Literally, ew. But in terms of cultural context, when you call someone a motherfucker, it’s typically a bad thing, right? When you’re reading character dialogue and someone says, “You motherfucker!” -there’s a definite tone of anger in their voice, they despise them! And to be fresher than someone or something is to be better than them – being of a higher current social status. But isn’t everyone better than motherfuckers? They already suck!

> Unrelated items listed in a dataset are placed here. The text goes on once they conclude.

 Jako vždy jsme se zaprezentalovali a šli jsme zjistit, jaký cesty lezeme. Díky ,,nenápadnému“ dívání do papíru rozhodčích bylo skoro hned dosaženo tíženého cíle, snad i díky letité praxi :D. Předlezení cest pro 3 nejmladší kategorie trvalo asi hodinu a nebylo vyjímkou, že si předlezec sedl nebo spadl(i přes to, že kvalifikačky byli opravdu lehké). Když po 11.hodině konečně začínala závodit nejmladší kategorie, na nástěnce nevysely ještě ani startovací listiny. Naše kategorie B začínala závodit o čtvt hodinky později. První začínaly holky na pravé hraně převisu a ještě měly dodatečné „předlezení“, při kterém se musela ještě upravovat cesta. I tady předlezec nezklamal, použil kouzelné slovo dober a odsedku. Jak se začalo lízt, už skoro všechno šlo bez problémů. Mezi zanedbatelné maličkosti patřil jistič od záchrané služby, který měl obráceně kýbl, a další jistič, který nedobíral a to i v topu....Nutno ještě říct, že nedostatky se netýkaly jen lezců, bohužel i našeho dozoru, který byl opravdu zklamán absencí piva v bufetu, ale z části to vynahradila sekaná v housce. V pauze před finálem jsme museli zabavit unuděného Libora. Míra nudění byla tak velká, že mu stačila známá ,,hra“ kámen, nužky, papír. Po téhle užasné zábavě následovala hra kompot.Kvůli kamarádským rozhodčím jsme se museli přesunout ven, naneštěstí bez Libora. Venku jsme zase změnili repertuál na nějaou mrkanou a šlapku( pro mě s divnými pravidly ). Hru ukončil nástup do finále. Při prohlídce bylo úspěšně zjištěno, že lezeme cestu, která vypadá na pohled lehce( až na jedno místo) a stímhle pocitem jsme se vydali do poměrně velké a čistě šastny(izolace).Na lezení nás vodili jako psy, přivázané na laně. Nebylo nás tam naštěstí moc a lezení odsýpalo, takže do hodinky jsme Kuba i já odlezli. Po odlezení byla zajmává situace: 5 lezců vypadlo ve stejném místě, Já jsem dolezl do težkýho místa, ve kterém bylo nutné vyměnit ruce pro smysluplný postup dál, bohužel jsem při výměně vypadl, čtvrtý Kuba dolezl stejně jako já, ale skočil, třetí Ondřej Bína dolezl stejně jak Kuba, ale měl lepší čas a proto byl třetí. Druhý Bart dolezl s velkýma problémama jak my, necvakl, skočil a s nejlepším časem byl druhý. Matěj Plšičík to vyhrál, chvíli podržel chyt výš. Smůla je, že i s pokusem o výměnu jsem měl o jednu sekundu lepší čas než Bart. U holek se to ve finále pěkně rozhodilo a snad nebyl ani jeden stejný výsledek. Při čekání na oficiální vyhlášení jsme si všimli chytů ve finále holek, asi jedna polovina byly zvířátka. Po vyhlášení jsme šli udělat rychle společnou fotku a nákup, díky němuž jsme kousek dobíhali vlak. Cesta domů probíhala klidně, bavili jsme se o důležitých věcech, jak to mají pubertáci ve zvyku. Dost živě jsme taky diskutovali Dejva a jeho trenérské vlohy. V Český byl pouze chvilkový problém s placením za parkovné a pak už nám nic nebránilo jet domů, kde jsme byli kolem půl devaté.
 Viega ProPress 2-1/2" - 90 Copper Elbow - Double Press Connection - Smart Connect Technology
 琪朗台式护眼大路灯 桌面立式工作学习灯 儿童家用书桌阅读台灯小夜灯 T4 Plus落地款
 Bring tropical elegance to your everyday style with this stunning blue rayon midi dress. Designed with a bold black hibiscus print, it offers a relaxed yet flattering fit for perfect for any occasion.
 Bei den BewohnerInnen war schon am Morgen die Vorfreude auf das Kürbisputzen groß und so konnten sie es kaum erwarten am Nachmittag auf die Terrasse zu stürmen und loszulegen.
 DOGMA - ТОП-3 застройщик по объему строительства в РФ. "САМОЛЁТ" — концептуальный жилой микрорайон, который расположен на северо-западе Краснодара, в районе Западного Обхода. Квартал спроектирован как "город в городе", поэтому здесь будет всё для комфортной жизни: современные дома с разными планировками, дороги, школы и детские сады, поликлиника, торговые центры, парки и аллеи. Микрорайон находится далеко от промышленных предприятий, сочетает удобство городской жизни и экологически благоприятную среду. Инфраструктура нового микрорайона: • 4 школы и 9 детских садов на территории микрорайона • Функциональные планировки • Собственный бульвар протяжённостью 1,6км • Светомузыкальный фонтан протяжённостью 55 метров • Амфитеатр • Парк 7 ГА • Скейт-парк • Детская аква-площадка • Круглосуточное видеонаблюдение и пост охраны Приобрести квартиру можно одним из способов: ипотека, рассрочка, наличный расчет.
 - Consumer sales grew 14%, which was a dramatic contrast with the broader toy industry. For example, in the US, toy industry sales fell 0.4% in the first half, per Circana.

Help me, Chris Brown, you’re my only hope.

#OhWaitDon’tIHateYou

#OhWaitDon’tIHateYou

“Sick as a dog” 

My dogs have always been the picture of health. Until they die. Actually, that whole downward spiral is really sad to watch. 

…oh.

FiddlerFiddler

…so is THIS a shit-eating grin?

“Fit as a fiddle” 

I don’t actually care about this phrase. I never use it, nor do I care where it came from. The unhealthy dog reminded me of it though, and it made me laugh. Animals = sick, but inanimate objects are right as rain. Right as rain. Oh my god, this could go on all day. 

“First annual” 

This is not actually confusing – simply infuriating. Having been trained in the ancient and most-respected art of journalism, it is a FACT that there is no such thing as a first annual anything. Annual defines a recurring event, and if something is happening for the first time, intent aside, there’s nothing annual about it. 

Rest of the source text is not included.